Our tools must solve problems for us, not become projects — problems — of themselves. That emphatically includes Git. Because if you are following Git procedures that offer opportunities for error then those procedures are making your work harder and distracting you from your creativity and your focus.
There are numerous standard branch strategies inc common use and some groups simply manage branches in an ad hoc fashion. The diagram below
is difficult to even follow and hard to imagine working well very long in practice. Every additional branch is another opportunity for costly errors. With many extant branches in a large project, something it certain to go wrong, requiring hours or days to reconcile and retest.
Git is very good but it is not perfect and there are some bugs, if not in Git itself then in some of its tools. It uses a peculiar nomenclature different from other source control tools.
Certain presumptions of operation are woven deeply into Git, fighting them will cause pain, but that are not explicitly stated.
Branch Again and Again
Git documentation suggests branching for all edits but never counsels prudence or limits. Some will create a branch to fix a spelling error in a comment and go through all the rigmarole of naming it, reviewing it, merging it. Comments don’t compile.
I’ve seen a development lead merge in a feature by first branching from it (why?), then branching from that, and again, and again, until what is finally checked in is six utterly unnecessary branches away from the feature.
One Branch at a Time
While in theory one can have any number of Git folders each holding a different branch, this creates such opportunities for error and so violates the expectations of the accompanying tools that to do so is mad as Caligula. Don’t.
Git’s merge operation is not as good as some dedicated merge tools. Often you will see a “conflict” between two edits, absolutely identical even unto their whitespace. Other times an inserted piece of new code will be treated as a change rather than an insertion; for this reason, you should always put new work at the end of the file (more on this below). This is a primary consideration for the operation sequence recommended in this article.
I know this is not supposed to happen but there is no disputing that it does: a merge produces a file with the new work discarded. This happens silently, usually without the report of conflict and can only be determined by careful scrutiny by the developer whose work was lost.
When we saw this happening we reviewed our procedures and made certain that everything was correctly done, that the latest master branch was merged in before committing. It kept happening. One developer who experienced this far more than the others insisted on using Git Desktop instead of the command line. Later we switched to TFS and while these wrong-way merges happened less often, they never stopped completely. Over the 30 months I worked at this company we lost weeks of progress to this despite all the rigor we could muster.
This is the purpose of this article, a minimally complex branching strategy and operation sequence to minimize the possibility of merge conflicts. For this proposal, I am going to use the nomenclature of a web server as an example but there is nothing notably different from any other project.
I am going to avoid jargon and loosely-defined terms like “refactor” here. I am also avoiding the increasingly imprecise and bewildering Agile Newspeak of “stories,” “technical debt,” etc.

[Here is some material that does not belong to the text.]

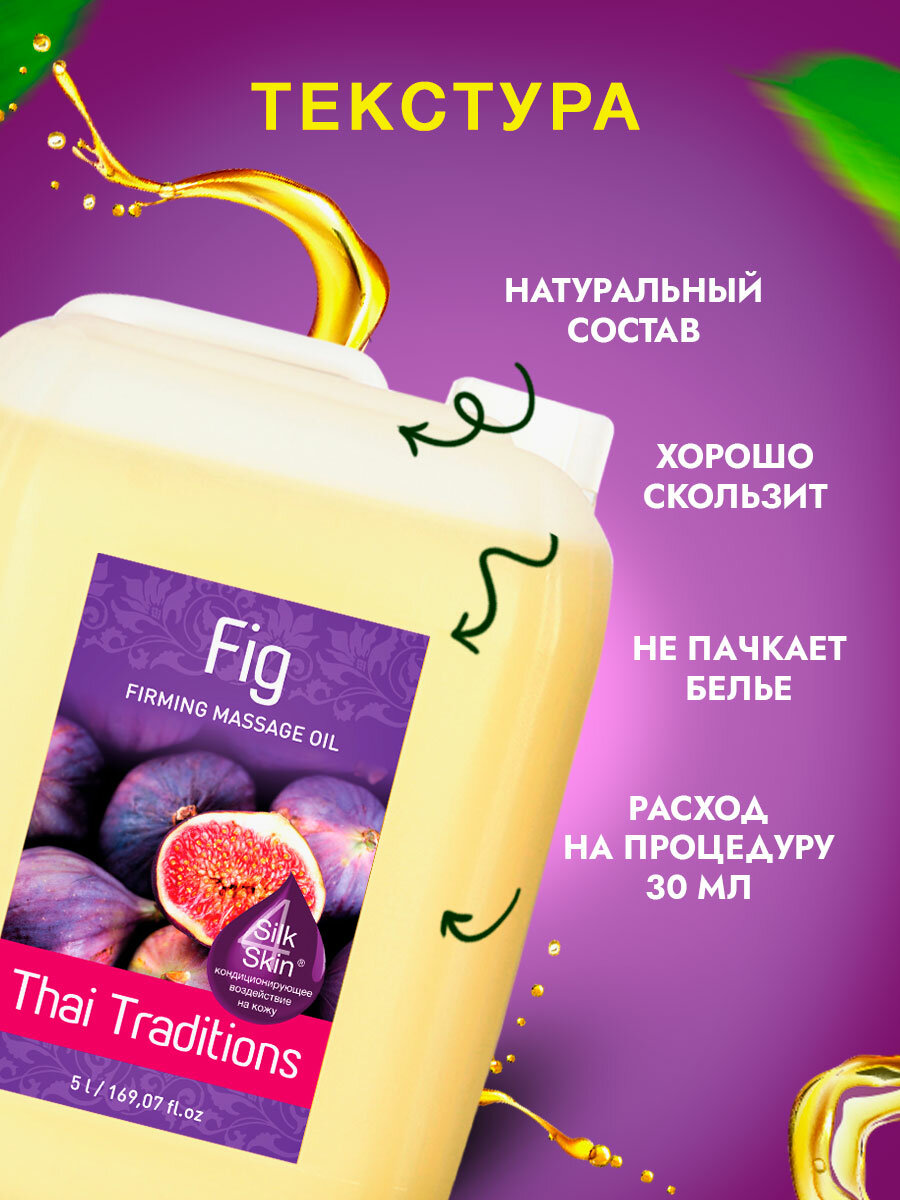Антицеллюлитное масло для массажа Инжир шаг за шагом поможет вам приобрести красивую фигуру без намека на целлюлит. Оно не оказывает разогревающего или охлаждающего воздействия, но при этом отлично укрепляет и подтягивает кожу, возвращает ей упругость и обеспечивает уход, улучшает ее внешний вид. Основа масажного арома масла - натуральное масло миндаля, авокадо, макадамии, зародышей пшеницы. В его состав входит также запатентованный кондиционирующий комплекс для ухода за кожей Silk4Skin из растительных экстрактов женьшеня, центеллы азиатской, гамамелиса, шалфея, эхинацеи, витамин Е. Масло парфюмированое (ароматизированное). Аромамасло обладает восхитительным фруктовым ароматом сочного инжира. Подходит для различных видов массажа: ручного, аппаратного, гуаша, с массажером, вакуумного, баночного масажа, массажа с щеткой. Масел существует очень много разных видов. Они могут различаться, например, по основе. Базовое масло может быть натуральное и синтетическое. Натуральные это: миндальное (масло сладкого миндаля), кокосовое (масло кокоса), виноградных косточек, рисовое, авокадо, амарантовое, хлопковое, жожоба, аргановое (масло арганы), абрикосовое, персиковое, какао, ши. Синтетические - минеральное (сухое), силиконовое, гидрофильное. В базовое масло обычно добавляются эфирные масла для ароматерапии, парфюмерные отдушки для придания нужного аромата, магний (магниевое масло), витамины, экстракты, афродизиаки. Выпускаются масла для разных частей тела: для лица, волос, ногтей, кутикулы, губ, рук, ног, спины, бровей и ресниц. Разные по назначению: для быстрого и ровного загара, уход после загара, защита от солнца, для солярия, для ванны и душа, для и после депиляции, для бани, солнцезащитное, несмываемое, мамло спрей, масло с шиммером. Конечно, по желаемому эффекту: антицеллюлитное, против растяжек, от целлюлита, для похудения, лимфодренажное, омолаживающее от морщин, разогревающее, питательное, защитное, восстанавливающее, для упругости, расслабляющее, гипоаллергенное, для борьбы с несовершенствами. По способу применения: массажное, профессиональное, интимное, эротическое, для секса, возбуждающее, доя маникюра и педикюра. Для разных категорий людей: для мужчин (мужское), женщин (женское), детей (детское), для младенцев, новорожденных, подростков, будущих мам (беременных). Масло Thai Traditions сочетает в себе бОльшую часть этих свойств. Оно способствует похудению, восстановлению упругости кожи, поддержанию хорошей формы, особенно в комплексе с обертыванием для тела и скрабом для тела, прекрасно заменяет сыворотку, крем и лосьон для тела. Представлено в разных объемах (флакон 100 мл, 250 мл, 700 мл, 5 л).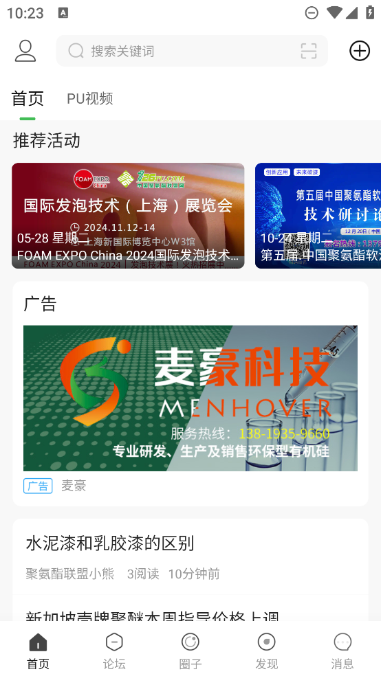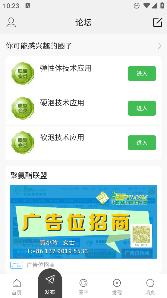2、掌上论坛,论坛中有各种关于聚氨酯技术的圈子,可选择感兴趣的加入

More complex Git operations like rebasing are not part of this design.
Think of a branch as more like buying a yacht than buying a cup of coffee. Don’t create a new branch without a clear need: a bug to fix or new functionality to write. Never branch from a non-master branch except to return to a tagged checkpoint (see Tag Branch Checkpoints below).
Nothing is more disheartening in this work than committing some work and seeing a list of conflicting merges in files. This can consume days. And most of it is easily avoided.
The goal of this proposal is to make Git as much a useful tool and as little a project in itself as possible. Too many branching strategies end up creating problems that consume time and energy better spent writing products.
The Branch Types
Every project using Git, even one done at home as a hobby project, has at least one branch representing the current state of the project, a master branch. On a group project, the master is almost always the code behind the user-facing version of your work.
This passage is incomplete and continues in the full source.